BEGIN The data
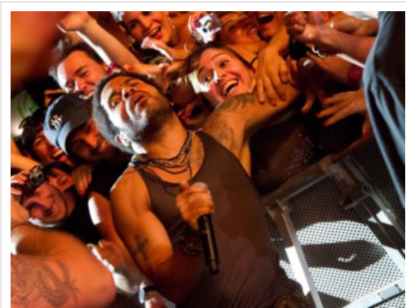
Kravitz and some fans during Rock in Rio Madrid 2012.

In 1985, Kravitz's parents divorced, which had a profound impact on him. His relationship with his father became extremely strained. Kravitz focused on his music to help him get through this period. That year, Kravitz met actress Lisa Bonet backstage at a New Edition concert. Bonet worked on The Cosby Show , the number one rated show on television. They were close friends for two years before falling in love. Like Kravitz, Bonet is half African American and half Russian Jewish. Kravitz moved back to New York City where The Cosby Show was produced in 1987, moving in with then girlfriend Bonet. Kravitz and Bonet eloped to be married on November 16, 1987, her 20th birthday, in a Las Vegas ceremony. Kravitz, still known as Romeo Blue at the time, suddenly found himself in the headlines of tabloid newspapers. They had a daughter, Zoë Isabella Kravitz, born on December 1, 1988. [13] Kravitz and Bonet divorced in 1993. [citation needed] In 2001, he began dating model Adriana Lima. In 2002, the couple was engaged, but less than a year later, the engagement was called off.
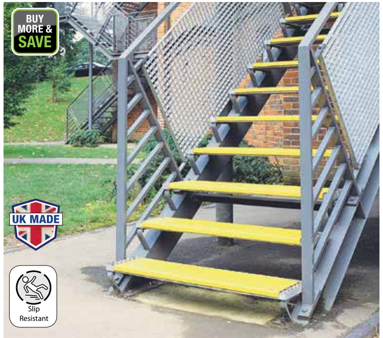
Treads with 20mm nosings
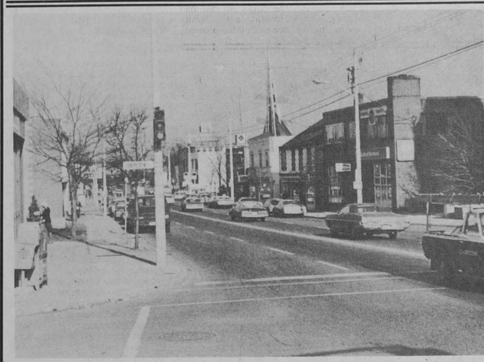
Looking north from Centre Street in downtown Richmond Hill presents drastically different views between 1952 (top) and today. Structures which housed the Canadian Tire store and a Red and White food store, still stand, but their
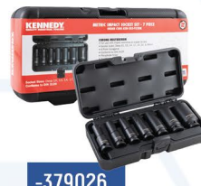
-379026 Kennedy KEN5839220K 1/2" DR. HEX IMPACT SOCKET SET 10MM - 30MM METRIC BLACK 7PCE R685*
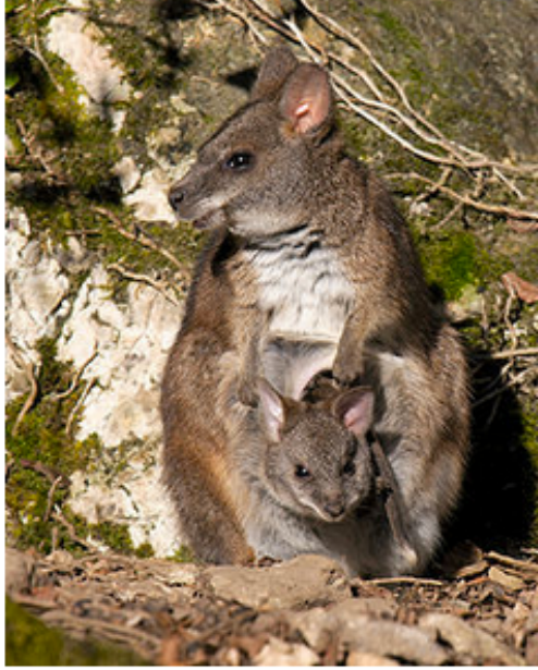
Macropus parma cum catulo in horto zoologico Salisburgensi versans
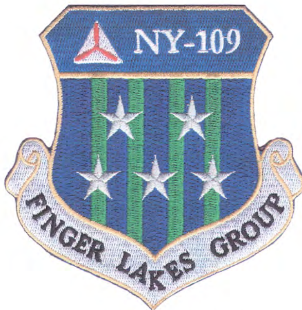
NY - Finger Lakes Group (NY109)
END The data
Work order ->
Give again, exactly as written, the lines from the one with "Looking north from" through the last line of the entries above, but skip the pictures.

Result below ->
Looking north from Centre Street in downtown Richmond Hill presents drastically different views between 1952 (top) and today. Structures which housed the Canadian Tire store and a Red and White food store, still stand, but their
-379026 Kennedy KEN5839220K 1/2" DR. HEX IMPACT SOCKET SET 10MM - 30MM METRIC BLACK 7PCE R685*
Macropus parma cum catulo in horto zoologico Salisburgensi versans
NY - Finger Lakes Group (NY109)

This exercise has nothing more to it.